Below are records that hold pictures; write out only the lines from their start through the line with "<エネルギー> 約55kcal/缶 |", exactly, and drop the pictures.

Records from a dataset
- Opening Delimiter -

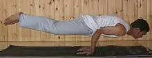 | Chaturanga Dandasana[47] | चतुरङ्गदण्डासन | Four-Limbed Staff Low Plank |
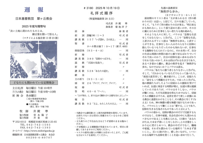 - 聖ヶ丘教会(東京都渋谷区)が開拓伝道を行うことを条件に日本基督教団に献金。
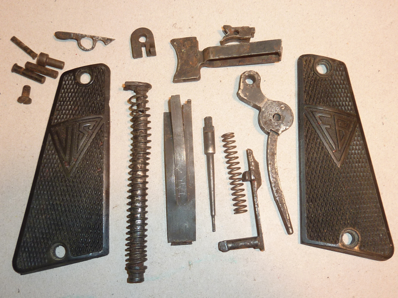 Gute Griffschalen und viele Kleinteile, siehe Foto. Die Kleinteile sind zum Teil narbig aber brauchbar, Federn in Ordnung!
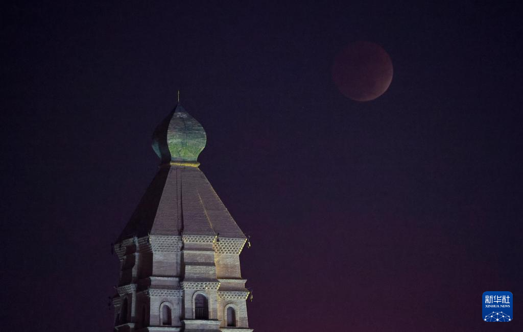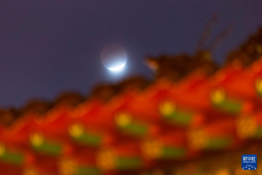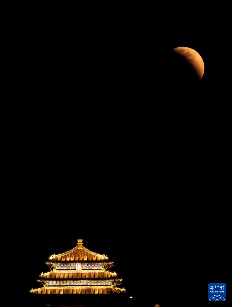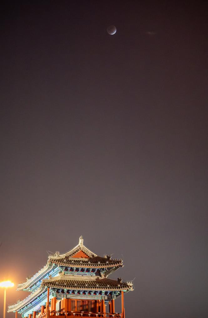 这是3月3日在北京永定门城楼附近拍摄的月全食。
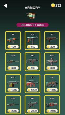 很简单,上楼梯,向坏人开枪,完成任务,你只需要瞄准好,其他都会自动进行,完成任务之后获得金币,去武器库挑选你心仪的武器,推荐散弹枪,范围广,容错率高,因为你只有一次机会,如果你没射中敌人你就会被反杀!注意哦,每一关的BOSS可以抗住两次射击!
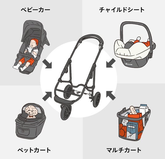 エアバギーのフレームは、上部の「ユニット」を付け替えることで、ベビーカーからペットカート、マルチカートへと自在に変化します。工具不要で誰でも簡単に着脱でき、ライフスタイルの変化にも柔軟に対応可能です。
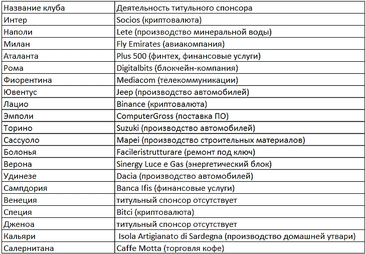 Вторым на очереди будет чемпионат Италии, где существуют свои особенности, связанные с титульными спонсорами.
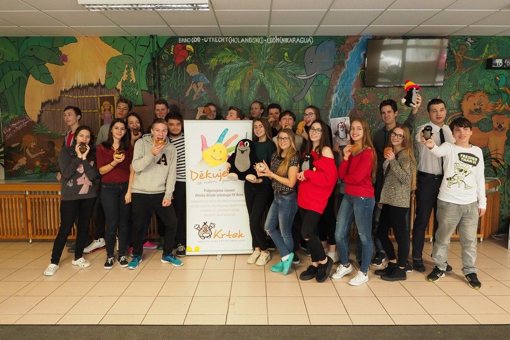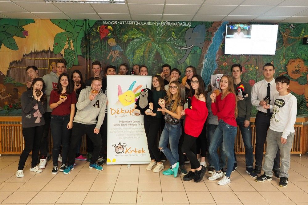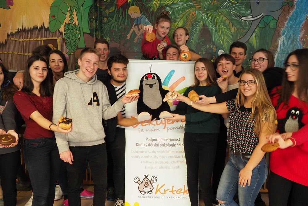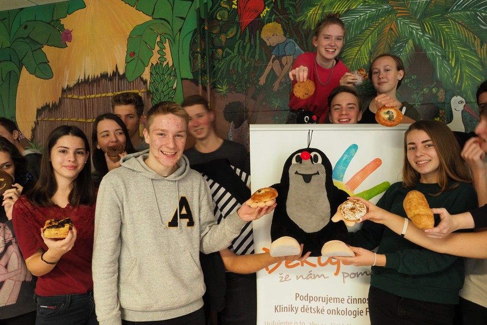 Jedeme dál! I v tomto školním roce bojujeme o potvrzení titulu Světová škola. I v tomto školním roce podpoříme Nadační fond dětské onkologie Krtek. I v tomto školním roce kromě jiného uspořádáme akci Pomáháme pečením. Děkujeme za podporu i pomoc. Třída 6A8 + prof. Těšáková a Hanáčková
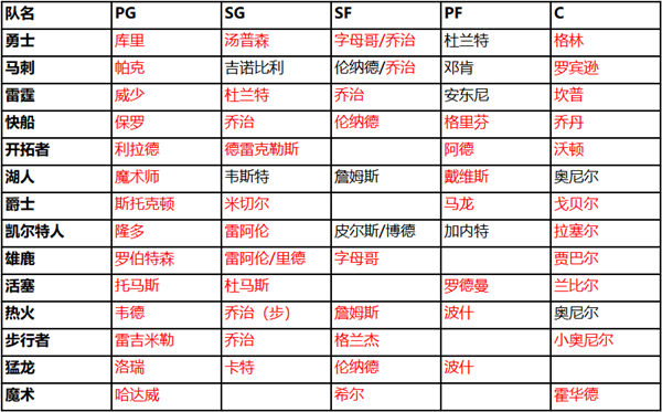 这里因为组合我们去掉了开拓者,雄鹿,活塞,步行者,猛龙,魔术等队套,一个优质的球队少不了球员间密集大量的组合加成,后面我们会重点说湖人队。
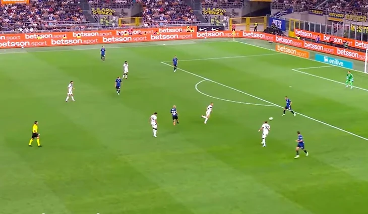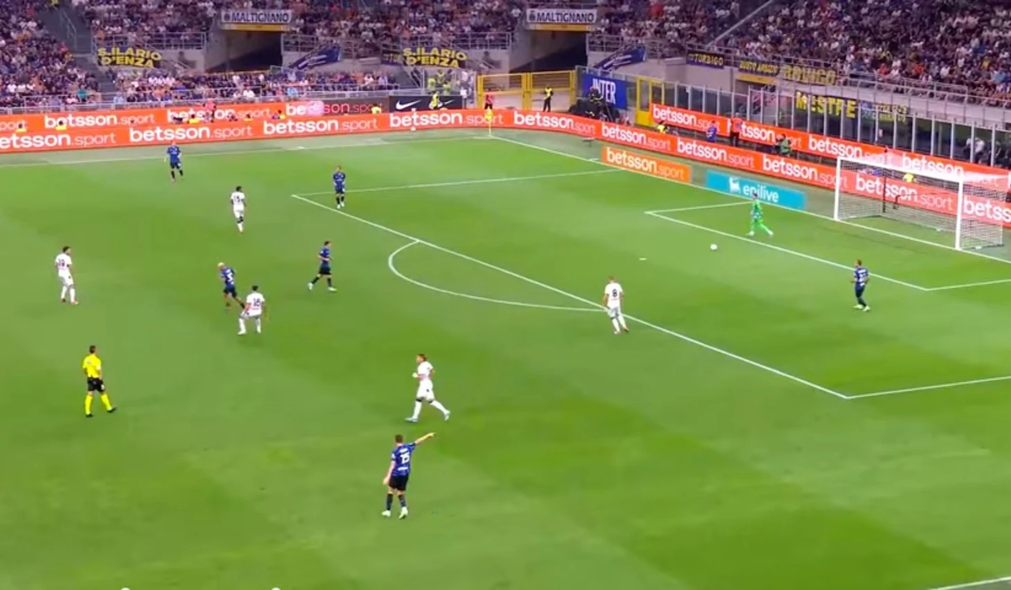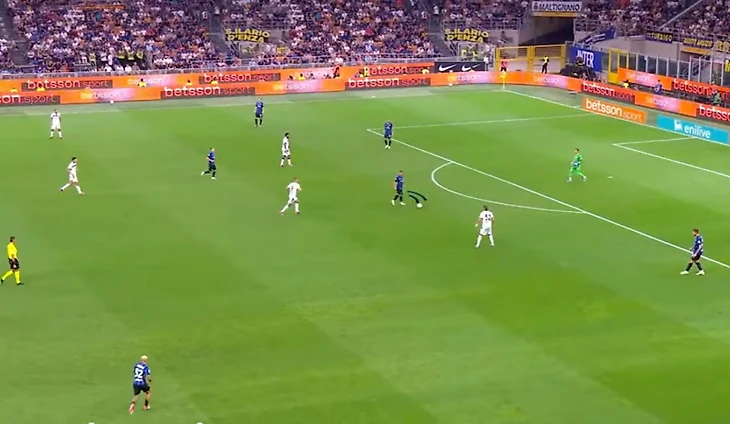 Мхитарян, видя свободное пространство, опускается ниже, чтобы у Зоммера был свободный адресат для передачи, по итогу получая мяч. Здесь вы можете увидеть, как Федерико Димарко уже среагировал на это движение Генриха и нашёл образовавшееся в результате этого смещения свободное просратснвто. Прямо сейчас он делает рывок в этом направлении.
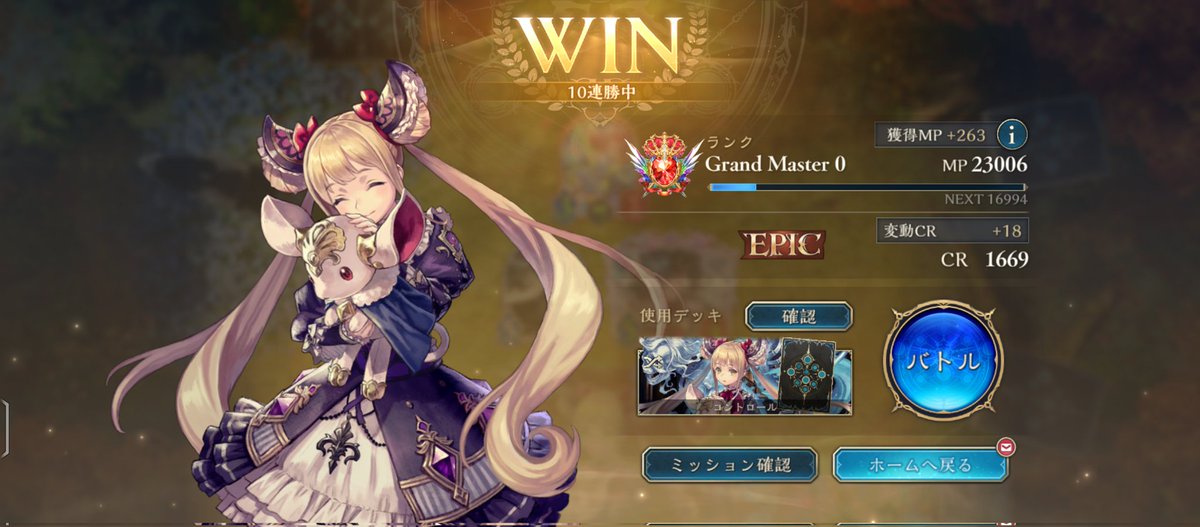 守護ビショップ 9連勝でBEYOND到達 流行りのOTK魔手ウィッチに強く出られて、かつ環境トップのミルティオNiにも勝ちやすいのが評価高め 崇奉の怯者のカードパワーが高すぎるおかげで、ウィルバートorアイテールのどちらかが欠損しても勝ち切れる試合が多いのが感触良かったです👏 #シャドバPS
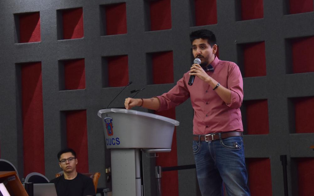 La charla tuvo lugar en el auditorio “Dr. Roberto Mendiola Orta”, en el marco de las jornadas de emprendimiento “Empren-CUCS”, que se desarrollan del 12 al 14 de marzo.
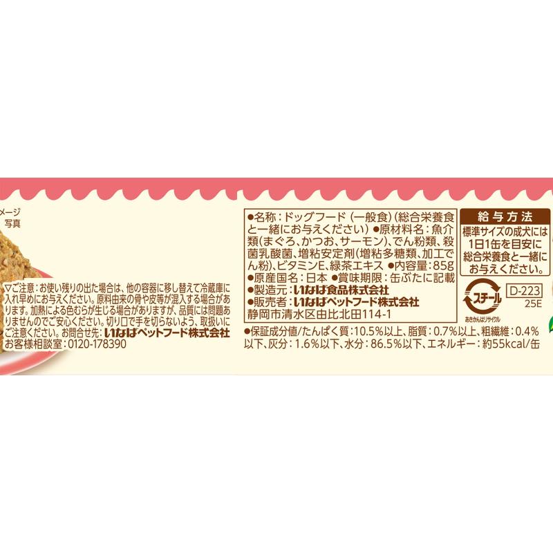 素材 | <原材料> 魚介類(まぐろ、かつお、サーモン)、でん粉類、殺菌乳酸菌、増粘安定剤(増粘多糖類、加工でん粉)、ビタミンE、緑茶エキス <保証成分> たんぱく質10.5%以上、脂質0.7%以上、粗繊維0.4%以下、灰分1.6%以下、水分86.5%以下 <エネルギー> 約55kcal/缶 |
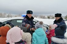 26 февраля в нашем детском саду была организована встреча с инспекторами ДПС. Сотрудники ОГИБДД рассказали о том, как должны себя вести дети на дорогах, какие дорожные знаки должны знать и что нужно делать, чтобы предотвратить дорожно-транспортное происшествие, а также дети закрепили знание правил перехода проезжей части, узнали, какие требования предъявляются к пассажирам в транспорте. Дети отвечали на вопросы, разбирали дорожные ситуации. Инспектор разъяснял детям важность правильного поведения на дороге, использования удерживающих устройств для их же безопасности. Познавательная беседа получилась очень интересной. Знакомство с сотрудниками ДПС произвело на детей неизгладимое впечатление, а особый восторг вызвала настоящая патрульная машина ДПС. Ребята внимательно слушали рассказ инспектора об оборудовании автомобиля, и каждый ребенок имел возможность включить сирену, «связаться» по рации, а также посидеть в автомобиле и почувствовать себя настоящим инспектором ДПС.
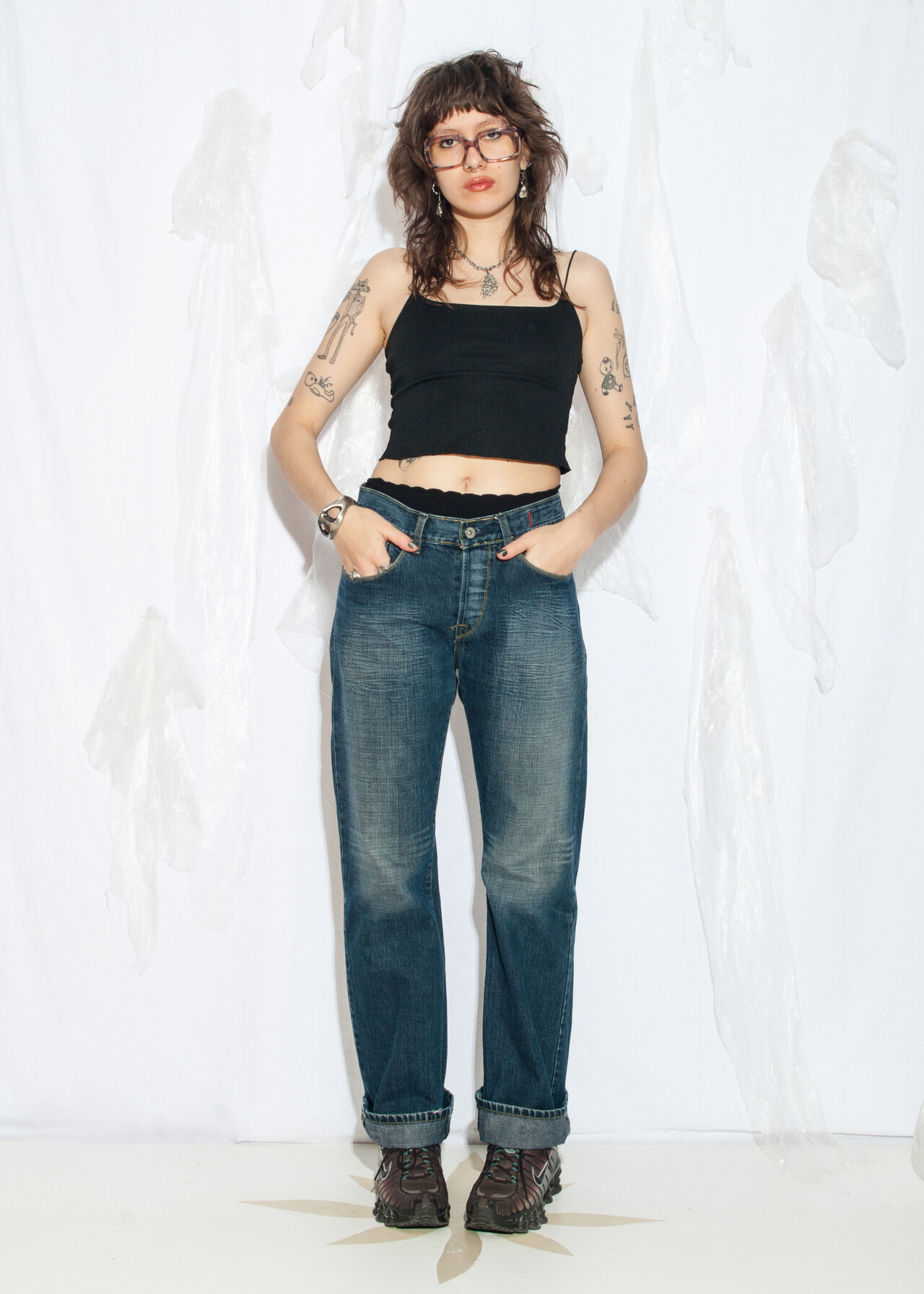 Tags: 2000s vintage fashion, boyfriend cut pants, gender neutral, low waisted trousers, slouchy jeans, stonewashed denim, y2k grunge outfit, y2k style clothing
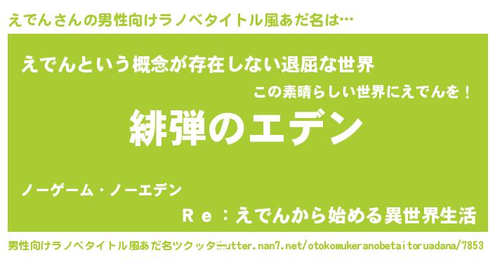 | ヒーロー風カッコイイあだ名 | 『ネオエデン』『超時空戦士エデン』 |
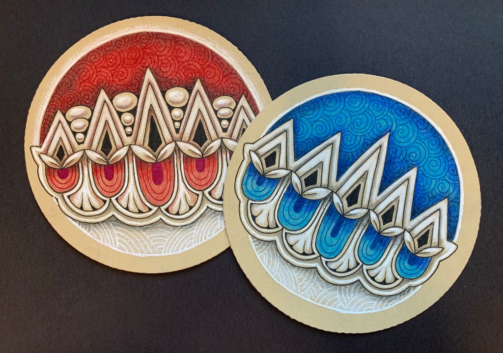 So much fun creating these Zendalas in Anica’s Gabrovec’s Tanglelab. The focal tangle she used was Zenith. Fun playing with lights and darks and color. I love how the white reacts with the tan tile.
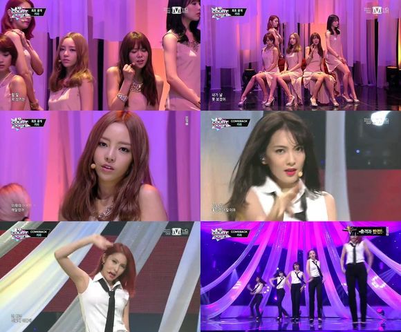 카라는 5일 오후 방송된 엠넷 '엠카운트다운'(이하 '엠카')에서 '둘 중에 하나', '숙녀가 못 돼'의 첫 방송무대를 공개했다.
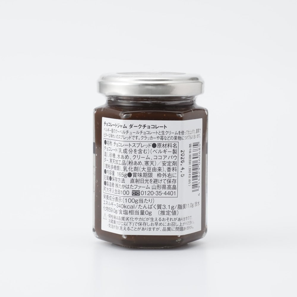 ベルギー産のダークチョコレートを使用した、チョコレートジャムです。生クリームを加え、チョコレートのビターさの中に深い味わいのあるジャムに仕上げました。
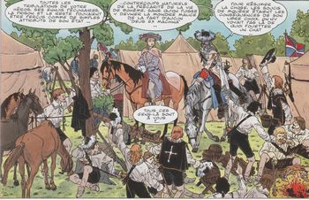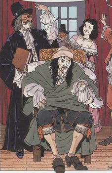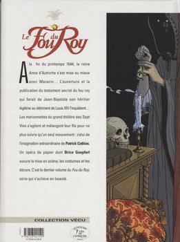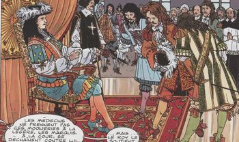 remarques: | dernier album de la série, janvier 2004 et sans la page de garde aux portraits - printemps 1644, la reine-mère est au mieux avec Mazarin, tandis que Monsieur complote à son habitude, il veut faire enrager Molière sans en avoir l'air en le mettant au régime de la douche écossaise, alors que le clergé critique et censure les pièces de Molière, de plus des ennuis financiers affectent l'illustre théâtre qui fait faillite et la troupe se disperse >> p. 5 la partie de jeu de croquet menée par Gaston duc d'Orléans >> page 48 Molière serait le demi-frère de Ninon Lenclos - 1650, début de la Fronde, départ et retour de Mazarin, d'Artagnan est devenu chef des mousquetaires à la place de Tréville, Molière rédige maintenant lui-même ses pièces de théâtre, mais il reste encore méconnu durant 8 ans - 1658 Molière revient sur la scène grâce à l'intérêt que lui porte le jeune Louis XIV qui met à la disposition de Molière la salle du Palais-Royal où Molière y jouera jusqu'à son dernier jour - 1660 mort de Monsieur Gaston et en 1661 celle de Mazarin, Louis XIV veut règner en monarque absolu, Fouquet est arrêté >> page 26 mention de "Donjon" (voir la série du masque de fer) - en 1662 Molière quitte Madelon pour épouser Armande (fille de Madelon qui pourrait bien être aussi sa propre fille), il a de nombreux ennemis, mais le roy le soutient toujours encore - en 1665, la pièce "Tartuffe" est interdite, Molière tombe malade, la reine sur le point de mourir, confesse à son fils Louis quelque vérité sur Molière sans préciser sa paternité, elle demande toutefois au roy de bien protéger Molière - 1666 mort d'Anne d'Autriche, Louis XIV ordonne d'enquêter sur Molière et apprend l'affaire des poisons avec la femme Le Voisin >> p. 34 petite dissertation sur les pièces de théâtre de Molière >> p. 35 Louis XIV apprend la vraie origine de Molière par la duchesse de Beauvais (surnommée Cathau la borgnesse), confidente de la reine et première maîtresse de Louis XIV, avant de mourir en 1672, celle-ci lui révèle que Molière est le demi-frère du roy - Louis XIV se désintéresse alors de Molière et cherche même à s'en débarrasser secrètement Molière est drogué par une religieuse inconnue, il est fiévreux et mal en point, décide malgré tout de jouer sur scène son dernier rôle dans "le malade imaginaire" - il est emporté mourant et on le dit mort le 17 février 1673, mais le scénariste continue l'histoire de Molière, il aurait été guéri et on aurait échangé les cercueils, Molière serait alors devenu sur ordre de Louis XIV le fameux masque de fer et Ninon Lenclos persuade d'Artagnan de retrouver et de délivreer le prisonnier n.b. toute cette dernière partie de l'album est racontée par d'Artagnan à Ninon Lenclos lors d'un entretien personnel, ce sera le testament d'Artagnan remarques il y a eu déjà tellement de suppositions sur l'identité du masque de fer qu'une hypothèse de plus ou de moins, ne changera pas le mystère qui entoure le masque de fer, toutefois pour le lecteur intéressé, l'histoire continue quelque peu dans la série du masque de fer (6 albums de 1991 à 2001) >>> voir ce titre >>> une fin assez appropriée mais quelque peu en contradiction avec la série du "masque de fer", scenario et graphisme restant malgré tout assez intéressant pour ce dernier volume n.b. la série du fou du roy est peut'être à lire avant celle du "masque de fer", mais de toute façon l'identité du masque de fer restera très fictive dans les deux séries annexes - 1er et 2ème plat de l'album - diverses illustrations |
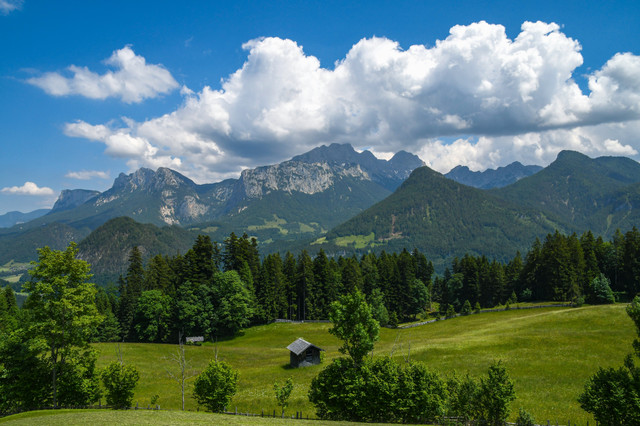 Magnificent valley view towards mount Dachstein (2995 meters) in AustriaPoint Dachsteinblick, Postalm (Austria)

- Closing Delimiter -

◆ **ANSWER FOR THE TASK**
 | Chaturanga Dandasana[47] | चतुरङ्गदण्डासन | Four-Limbed Staff Low Plank |
 - 聖ヶ丘教会(東京都渋谷区)が開拓伝道を行うことを条件に日本基督教団に献金。
 Gute Griffschalen und viele Kleinteile, siehe Foto. Die Kleinteile sind zum Teil narbig aber brauchbar, Federn in Ordnung!
 这是3月3日在北京永定门城楼附近拍摄的月全食。
 很简单,上楼梯,向坏人开枪,完成任务,你只需要瞄准好,其他都会自动进行,完成任务之后获得金币,去武器库挑选你心仪的武器,推荐散弹枪,范围广,容错率高,因为你只有一次机会,如果你没射中敌人你就会被反杀!注意哦,每一关的BOSS可以抗住两次射击!
 エアバギーのフレームは、上部の「ユニット」を付け替えることで、ベビーカーからペットカート、マルチカートへと自在に変化します。工具不要で誰でも簡単に着脱でき、ライフスタイルの変化にも柔軟に対応可能です。
 Вторым на очереди будет чемпионат Италии, где существуют свои особенности, связанные с титульными спонсорами.
 Jedeme dál! I v tomto školním roce bojujeme o potvrzení titulu Světová škola. I v tomto školním roce podpoříme Nadační fond dětské onkologie Krtek. I v tomto školním roce kromě jiného uspořádáme akci Pomáháme pečením. Děkujeme za podporu i pomoc. Třída 6A8 + prof. Těšáková a Hanáčková
 这里因为组合我们去掉了开拓者,雄鹿,活塞,步行者,猛龙,魔术等队套,一个优质的球队少不了球员间密集大量的组合加成,后面我们会重点说湖人队。
 Мхитарян, видя свободное пространство, опускается ниже, чтобы у Зоммера был свободный адресат для передачи, по итогу получая мяч. Здесь вы можете увидеть, как Федерико Димарко уже среагировал на это движение Генриха и нашёл образовавшееся в результате этого смещения свободное просратснвто. Прямо сейчас он делает рывок в этом направлении.
 守護ビショップ 9連勝でBEYOND到達 流行りのOTK魔手ウィッチに強く出られて、かつ環境トップのミルティオNiにも勝ちやすいのが評価高め 崇奉の怯者のカードパワーが高すぎるおかげで、ウィルバートorアイテールのどちらかが欠損しても勝ち切れる試合が多いのが感触良かったです👏 #シャドバPS
 La charla tuvo lugar en el auditorio “Dr. Roberto Mendiola Orta”, en el marco de las jornadas de emprendimiento “Empren-CUCS”, que se desarrollan del 12 al 14 de marzo.
 素材 | <原材料> 魚介類(まぐろ、かつお、サーモン)、でん粉類、殺菌乳酸菌、増粘安定剤(増粘多糖類、加工でん粉)、ビタミンE、緑茶エキス <保証成分> たんぱく質10.5%以上、脂質0.7%以上、粗繊維0.4%以下、灰分1.6%以下、水分86.5%以下 <エネルギー> 約55kcal/缶 |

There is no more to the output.